Actually, the carbonation in the soda might be an issue as rats don't burp up the excess gas easily... but if the drink was pretty much flat it's no big deal.

Our Fuzzy Rat was a lush... she loved tequila and Yukon Jack and even beer. She would go from one person to the next licking out the bottom of shot glasses after people drank them and suck up spilled beer from the floor. She actually got quite congenial when intoxicated.

In college I knew an alcohol researcher that worked with rats. He told me that rats metabolize alcohol more rapidly then humans and there are few if any ill effects. Lastly he remarked that rats are excellent social drinkers and tend to be more playful and outgoing when inebriated. 

I suspect that rats have evolved to metabolize alcohol because they would find spoiled foods or liquids in the wild that most likely are being broken down by yeasts.

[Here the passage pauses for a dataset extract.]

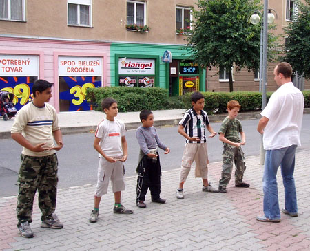 八月十一日星期六,学员前往瑞玛斯卡索博塔 (Rimavska Sobota),已有一些孩子们在那里欢迎法轮功学员。他们已经获悉这场活动,而想要把他们影子的轮廓画在人行道上,作为抗议中共迫害的象征。许多来自匈牙利的游客驻足在真相横幅前,并观看功法演示,很多人在请愿信上签名。
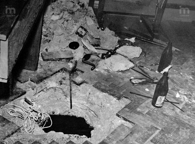 5 августа 1977 года из государственного банка Армянской ССР было похищено 1,5 миллиона рублей – адаптируясь к современным реалиям, примерно 2 миллиона долларов. Начиналось все так: два брата – Николай и Феликс Калачян – получили от наводчика ценную информацию: деньги находятся в хранилище на втором этаже. Стены и двери помещения бронированы, а вот потолок обычный, бетонный. Над хранилищем расположена комната отдыха персонала, в которую можно попасть через крышу соседнего жилого дома, примыкающего к стене здания банка. Охраны внутри здания банка нет, ведь деньги спрятаны в надежном хранилище под сигнализацией.

Still not all rats enjoy drinking given a choice. 

I will add that after a certain all night party where Fuzzy Rat followed the tequila bottle around all night and sucked up a large beer spill she woke up with the ugliest rat hangover anyone has ever seen... she actually snapped at me! First and only time ever! To her credit, she was the last one standing at 4:00 AM which may be unfair as she had more feet and a lower center of gravity than the rest of the people at the party... but she was grooming the people that had passed out and still climbing the curtains when I packed it in... In any case, I let her sleep in until about 1:00 PM and after that she was perfectly fine...

So basically, I'd try and limit your rats drinking to a small cap half full... like a few drops at a time... and don't use and carbonated or soda mixers... Pretty much only flat drinks. Pace it over time and make sure Sansa doesn't get too drunk or you will have a really hung over rat to deal with the next day...

I've never heard of a rat drinking itself sick... but I suspect it's possible and likely something to be avoided.

Best luck.


----------